Short term deposit €20,000*

Do you have a pension scheme? 
*PRSA €114,000 no contributions currently*

Do you own any investment or other property? 

*BLT 1* 
Value €125,000 
Mortgage None
Rent €9,000 pa

*BLT 2*
Value €160,000
Mortgage €200k ECB + 0.75% IO for 18 more years (€2,000 pa)
Rent €8,400

*BLT 3*
Value €95,000
Mortgage €208k ECB + 0.75% IO for 18 more years (€2,079 pa)
Rent €8,400

*BLT 4*
Value €170,000
Mortgage €175,000 ECB + 1.15% Cap & Int (€13,944 pa)
Rent €15,000 pa

Ages of children: *16,14,12,9*

Life insurance:*Sufficient to clear mortgages*


*What specific question do you have or what issues are of concern to you?*

Mostly I am looking for perspective on my situation, I worry that as I am getting older my earning power is not going to improve. My kids are coming to the going to college stage. At present we are spending above our earnings, including BLT profits. 

Specifically advice about how I should use the cash savings. As you will see from other threads I don't believe that investing in more property is the way to go, but I am not familiar with anything else.

Any suggestions welcome.


----------



## mandelbrot

Since you're asking for perspective: I went to look at your recent posts to see what other threads you were talking about and I saw this post from a couple of weeks back -



cremeegg said:


> I claim the full civil service rate for lunch every day. It may not be in accordance with the letter of the law but I defy any civil servant to point this out.



So you probably have an as yet unquantified tax bill building up for yourself as well if you're playing fast and loose with your self-employed expenses...


----------



## Billo

"As you will see from other threads I don't believe that investing in more property is the way to go,"

And in Feb :


http://www.askaboutmoney.com/showthread.php?t=185648 

Confusing.


----------



## so-crates

You have a sizeable amount of savings despite several property investments so clearly you have been doing something right. I think what you need to do is really planning. As you say you are at a point where you are looking at your children possibly starting third level education so you would probably not want to tie up all your cash in illiquid assets or potentially volatile short term equities but at the same time you are probably not making much in cash savings and they attract DIRT and PRSI. I think you need to start thinking in in terms of what your short, medium and long-term goals are. Set them all down on paper and attempt a costing on them, you might have a clearer idea of what you need.
Also if you are currently spending more than you are earning you will bleed yourself dry so perhaps you need to look at why. Is it a short term bump or a long term trend? Is there any way to rebalance your expenditure and income?


----------



## cremeegg

mandelbrot said:


> Since you're asking for perspective: I went to look at your recent posts to see what other threads you were talking about and I saw this post from a couple of weeks back -
> 
> 
> 
> So you probably have an as yet unquantified tax bill building up for yourself as well if you're playing fast and loose with your self-employed expenses...

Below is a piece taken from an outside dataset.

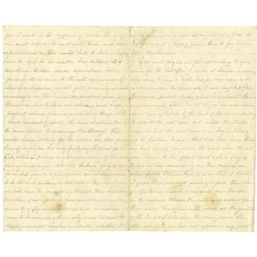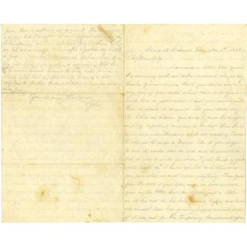<B>Touching Civil War Letter to Wife.</B></I> One page, 9.5" x 7.75", Camp at Leinors, Tennessee, November 1, 1863. Wonderful letter containing lovely personal emotion as well as substantive military content. The soldier reassures his wife that their marriage can withstand the <I>"trials and dis-/sapointments [sic] in this world"</B></I>, and that, were it not "<I>for the temperary [sic] banishment from/ you I would be the happiest of husbands."</B></I> He also tells his wife of the various close-calls that he and his regiment have encountered, acknowledging that, though he is confused, <I>"Gen. Burnside probably knows what he is about."</B></I> Letter is in good condition, exhibiting minor foxing, creases from mailing.<BR><BR><b>Shipping:</b> Flat Material, Small (<a target="_blank" href="http://www.heritageauctions.com/common/shipping.php">view shipping information</a>)

As a self employed person you are supposed to have receipts for all expenditure.

In practice this can be difficult or impractical for small one off items, like lunch. I often don't even get a receipt unless I specifically ask, and when I do I have to keep this in my pocket, until I can file it.

I have taken the view that this is impractical and charged reasonable amounts based on the civil service rate.

A Revenue audit 2 years ago raised no objection.

Conversely for diesel expenses, which I get a monthly account in the post the Revenue inspector disallowed 20%, despite my having full documentation.

In my experience Revenue are happy to accept expenses which are reasonable in their view.


----------



## cremeegg

Billo said:


> "As you will see from other threads I don't believe that investing in more property is the way to go,"
> 
> And in Feb :
> 
> 
> http://www.askaboutmoney.com/showthread.php?t=185648
> 
> Confusing.



Ah yes the holiday home in Croatia! A man can dream

I have explored the idea of property investing more thoroughly in this thread. 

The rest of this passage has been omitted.